On 21 March 2014, Sané signed a three-year professional contract with Schalke ending on 30 June 2017. He made his Bundesliga debut on 20 April 2014 against VfB Stuttgart. He replaced Max Meyer after 77 minutes in a 3–1 away defeat. He scored his first goal of the season in a 2–1 home defeat to 1. FC Köln on 13 December.

On 11 March 2015, Sané scored in his first UEFA Champions League match in a 4–3 victory over Real Madrid, although his side were knocked out of the competition on 5–4 aggregate.

===Manchester City===
====2016–17: Debut season====
On 2 August 2016, Sané joined Premier League club Manchester City, signing a five-year contract for a reported £37 million transfer fee, with performance-related add-ons potentially making the fee £46.5 million. He made his debut in a 1–2 win in the Manchester derby against Manchester United on 10 September. His first goal for City came in a 2–1 home win against Arsenal in the Premier League on 18 December. Following a spell on the sidelines due to injury, Sané made his return in a game against Tottenham Hotspur and scored in the 2–2 draw at the City of Manchester Stadium on 21 January 2017. On 28 January, he scored in a 3–0 away win over Crystal Palace in the FA Cup fourth round match.

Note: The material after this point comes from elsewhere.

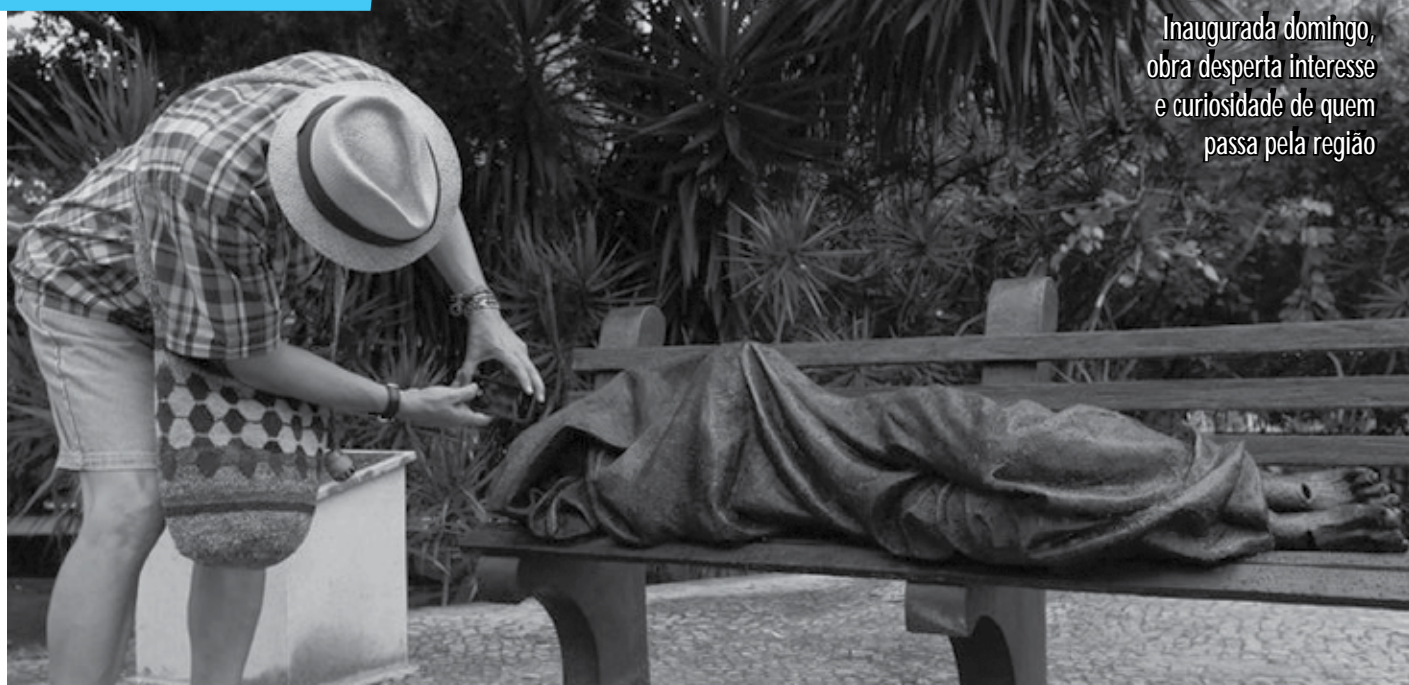
Inaugurada domingo, obra desperta interesse e curiosidade de quem passa pela região

On 21 February, Sané scored in a 5–3 comeback win over Monaco in the Champions League round of 16 first leg match. On 1 March, he scored in a 5–1 home win over Huddersfield Town in the FA Cup fifth round replay match. Four days later, on 5 March, he scored in a 2–0 away win over Sunderland. On 15 March, Sané scored in the return fixture of the Champions League tie against Monaco; however, City lost 1–3, knocking them out from the tournament on away goals. On 2 April, Sané scored the opening goal in an eventual 2–2 draw with Arsenal. On 15 April, he scored in a 3–0 win over Southampton.

In July 2017, Sané said he believed his debut season at City had been limited by his inability to breathe through his nose. He said he particularly suffered during matches, with his constantly blocked nose hampering his performance and causing him intense frustration. He opted to have corrective surgery during the off-season break. Although this caused him to miss that year's FIFA Confederations Cup, he said his chronic nasal congestion was becoming increasingly unbearable for him and that he wished to enter the next season feeling happy and healthy.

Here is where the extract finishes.